Denis Pritt was characterised by George Orwell as "perhaps the most effective pro-Soviet publicist in this country".
21 Facts About Denis Pritt
Denis Pritt was born 22 September 1887 in London, the son of a metal merchant.
Denis Pritt was educated at Winchester College, which he left after four years so as to relocate to Geneva in order to learn French, with a view to joining his father's company.
Denis Pritt added German to his repertoire of languages in subsequent years.
Denis Pritt was admitted to the Middle Temple on 1 May 1906 and was called to the bar on 17 November 1909.
Denis Pritt continued to study law in 1909, obtaining a law degree from the University of London in 1910.
Denis Pritt began his legal practice as a specialist in workmen's compensation cases.
Denis Pritt married in July 1914, on the eve of the First World War.
Denis Pritt was made a member of the Labour Party's executive committee in 1936, remaining in that role for over a year.
Denis Pritt wrote an account of this, The Zinoviev Trial, which largely supported Joseph Stalin and his first purge of the Communist Party.
In 1940, Denis Pritt was expelled from the Labour Party for defending the Soviet invasion of Finland.
Denis Pritt was awarded the 1954 International Stalin Peace Prize and in 1957 became an honorary citizen of Leipzig, which was then in East Germany.
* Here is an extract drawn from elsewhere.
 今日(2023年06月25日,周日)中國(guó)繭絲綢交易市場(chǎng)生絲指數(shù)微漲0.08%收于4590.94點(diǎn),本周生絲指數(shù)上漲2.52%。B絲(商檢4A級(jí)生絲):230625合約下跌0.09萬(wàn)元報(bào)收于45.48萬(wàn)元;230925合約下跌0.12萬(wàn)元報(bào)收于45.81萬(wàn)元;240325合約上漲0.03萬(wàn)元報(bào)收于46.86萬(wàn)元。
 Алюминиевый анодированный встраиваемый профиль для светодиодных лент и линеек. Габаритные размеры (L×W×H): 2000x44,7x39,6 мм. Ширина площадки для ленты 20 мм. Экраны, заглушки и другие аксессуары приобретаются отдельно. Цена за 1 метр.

In 1931, Denis Pritt represented three Indian revolutionaries, Bhagat Singh, Sukhdev Thapar and Shivaram Rajguru before the Privy Council, arguing that the ordinance which had been used to establish a special tribunal to try them for the crime of murdering a policeman was ultra vires.
Denis Pritt successfully defended Ho Chi Minh in 1931 against a French request for his extradition from Hong Kong.
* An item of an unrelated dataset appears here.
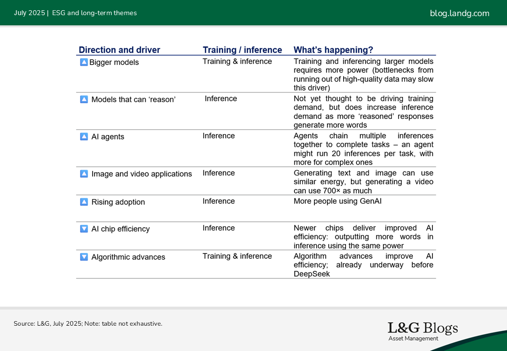 GenAI has seen upward drivers that increase data centre power demand, and downward drivers that reduce it. Despite rapid innovation creating uncertainty in forecasts, indicators suggest we should see continued growth in the medium term.[1]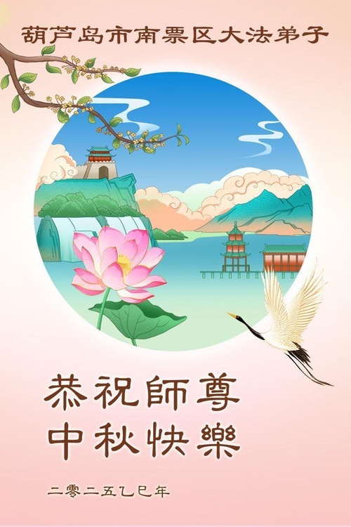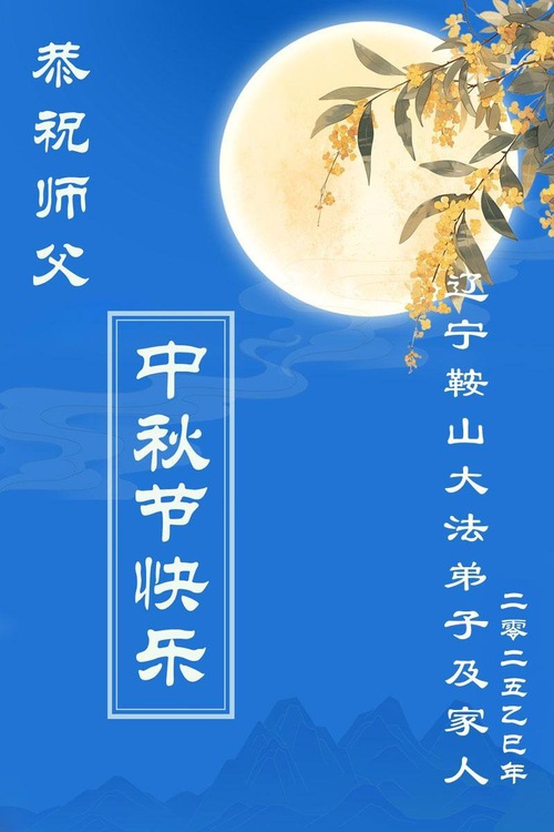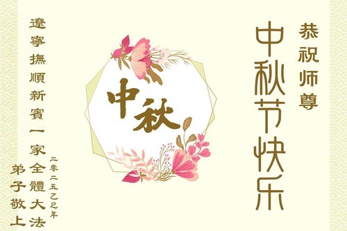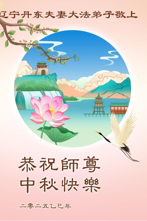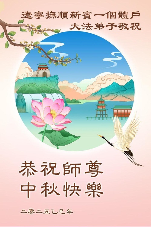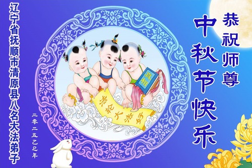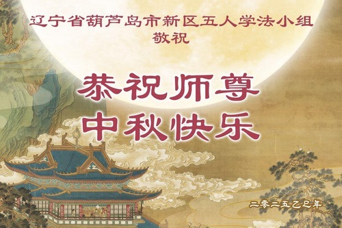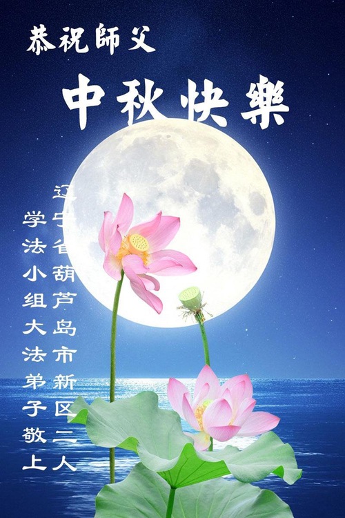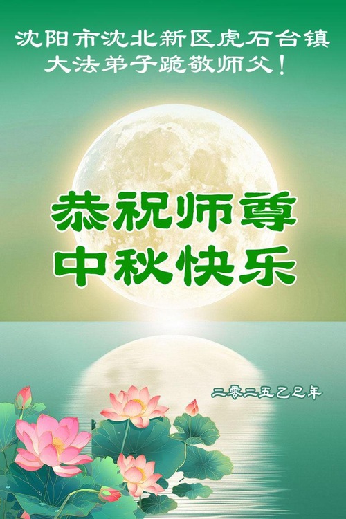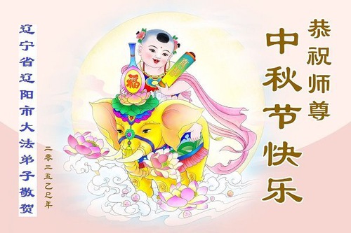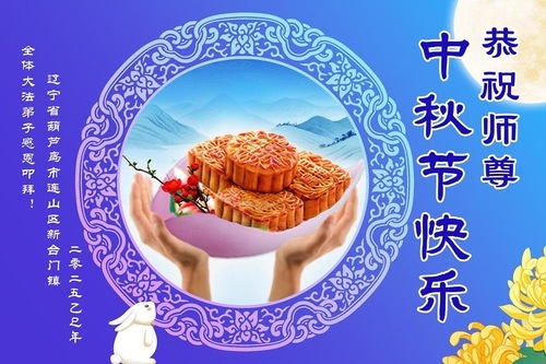 I praticanti della Falun Dafa delle città di Fushun, Liaoyang, Dandong e Anshan, nella provincia del Liaoning augurano al Venerato Maestro una felice Festa di Metà Autunno!

In 1933, Denis Pritt was chairman of the "International Commission of Inquiry into the Clarification of the Reichstag Fire", the so-called "London Counter-Process" to the Leipzig Reichstag Fire Process.
In 1942, he initially defended Gordon Cummins but, due to a technicality, the trial was abandoned and restarted with a new jury, and Denis Pritt was replaced by another lawyer.
Denis Pritt played a significant role in the Singaporean "Fajar trial" in May 1954.
Denis Pritt was the lead counsel of the University Socialist Club with the assistance of Lee Kuan Yew as the junior counsel and helped the club to win the case eventually.
Denis Pritt was said to have encouraged Billy Strachan, a fellow communist activist and one of the pioneers of black civil rights in Britain, to study law.
Denis Pritt died in 1972 at his home in Pamber Heath, Hampshire.
Denis Pritt is one of those on Orwell's list, a list prepared by George Orwell for the Information Research Department in 1949, after the start of the Cold War.